Estate of Robert C. Fortunato, Deceased, Anthony M. Fortunato, Special Administrator, Petitioner, v. Commissioner of Internal Revenue, Respondent, T.C. Memo 2010-105, Docket No. 6937-07. Filed May 12, 2010.


OVERVIEW:

In a trial lasting almost three weeks and involving more than 3500 pages of testimony and more than 400 exhibits, the Tax Court determined that a manager for a national group of warehouse companies - although well-compensated, a key member of management, and brother of the sole owner - did not own an interest in any or all of the companies. As a result, his estate was correct in not reporting ownership of the companies on his estate tax return and the estate did not owe additional tax or penalty as the IRS asserted.

 

The Facts:

Robert C. Fortunato ("Bobby" or the "Decedent") was born in 1942. In his early twenties, he committed a series of crimes and was arrested several times, eventually serving 6 years in Sing Sing prison from 1963-1969.

 

Upon his release from prison, Bobby began working for a warehouse and export business and within a decade became its co-owner and president. However, severe financial distress caused by employees misallocating company funds and the company borrowing at high interest rates caused it to collapse in 1984. At the time of the company's collapse, the Decedent owed more than $490,000 to the IRS for employee withholding taxes and hundreds of thousands of dollars to foreign creditors, including some believed to be associated with the Chinese mafia.

 

As a result of the severe financial straits in which he found himself, Bobby hid from his creditors. He refused to sign - or even put his name on - any documents and did not maintain a bank account.

 

At the same time Bobby was hiding from his creditors, his younger brother Anthony was setting up container freight station and warehouse businesses in New Jersey ("St.

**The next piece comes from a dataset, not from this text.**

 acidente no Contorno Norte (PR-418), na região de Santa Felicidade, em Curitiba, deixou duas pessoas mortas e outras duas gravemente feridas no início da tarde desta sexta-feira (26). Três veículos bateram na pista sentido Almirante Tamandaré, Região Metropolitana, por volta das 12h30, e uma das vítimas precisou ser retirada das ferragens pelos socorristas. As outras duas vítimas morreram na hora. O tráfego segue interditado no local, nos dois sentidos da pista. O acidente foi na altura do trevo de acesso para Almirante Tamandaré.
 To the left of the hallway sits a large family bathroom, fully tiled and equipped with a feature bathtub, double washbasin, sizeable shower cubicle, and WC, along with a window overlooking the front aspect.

George NJ"). At the time of the companies' incorporation, the Decedent was not asked to be, nor did he become, an investor in the new ventures.

 

Bobby eventually joined St. George NJ, acting as his brother's business strategist and shortly thereafter assuming leadership. Anthony acted as the financial and organizational manager while the Decedent essentially ran the day-to-day operations and plotted strategy for the company. Bobby had no title, however, and did not appear on the company's payroll.

 

Bobby's compensation was in cash which he acquired through an employee writing a check to a fictitious person, cashing the check, and leaving the cash in a safe. As a result of the scheme, the Decedent both avoided filing income tax returns and circumvented the Customs Service requirement for fingerprinting employees and officers of the company.

 

Between 1989 and 2001, St. George NJ struggled financially and Anthony was forced to bail it out several times. At no point did Bobby contribute capital to the company, even as he expanded the company's operations from New Jersey to California. Bobby was not an incorporator of the California company ("St. George CA"), did not borrow money on St. George CA's behalf, and was not listed on the warehouse's bond license.

 

After St. George CA struggled initially, Bobby moved to California to turn that company's operations around. The Decedent was successful in his turn-around efforts and enjoyed California enough to make it his permanent residence. As with his time in New Jersey, Bobby did not maintain a bank account, was not an officer of the California company, and refused to sign any documents. In spite of this, Anthony (St. George CA's president) gave Bobby carte blanche in running the California operations. As a result of Anthony's passivity, Bobby eventually began to refer to himself to vendors and clients as the CEO or owner of St. George CA, even though no corporate documents listed him as such.

 

During federal tax amnesty in the 1990s, Bobby began filing his tax returns. However, his reported compensation was much lower than that which he received. Most of his income was recorded on the California company's books as "officer salary", "professional fees", or "notes payable stockholder" even though the Decedent was neither an officer nor a stockholder. St. George CA also paid for Bobby's housing, his car, and his entertainment. Although aware of the Decedent's use of company funds for personal expenses, Anthony was content to allow Bobby to run California his way as long as the company continued to be successful.

 

As the companies experienced continued success, Anthony set up several other company locations in major hub cities, including Atlanta. All of the general managers in the hub cities reported to Bobby through the St. George CA operation.

 

In 2000, Anthony considered selling the New Jersey portion of the company. A potential buyer emerged, but the buyer wished to purchase all of the warehouse companies. Marketing materials for the businesses indicated that Bobby was Anthony's partner. The marketer, however, "did not mean...that he [Bobby] was an equity partner, just they're a partner in a business."

 

Although initially reluctant, Bobby agreed to hear the buyer's offer for the companies. Part of the offer was a demand that the Decedent stay with St. George CA and continue running the operation. Bobby did not like the buyer and did not like the idea of supervision. As a result, he refused the offer and the deal was scuttled. The buyer continued to issue letters of intent.  Because neither he nor his attorney knew the true ownership of the companies, they were concerned that excluding or improperly ordering the brothers' names on the letters of intent would cause the deal to fail.

 

After the offer fell through, Anthony proposed selling the companies to an ESOP. Bobby refused and Anthony withdrew the proposal. In 2002, Bobby reconsidered keeping his role with the California companies secret and contacted St. George CA's bank about raising $10 to $20 million in order to buy out his brother. Bobby died before formally presenting the offer to Anthony.

 

DISCUSSION:

At issue for the Tax Court were the following:

  • Did Bobby own an interest in any or all of the companies?
  • Did his estate's failure to report such an interest on the estate tax return constitute fraud?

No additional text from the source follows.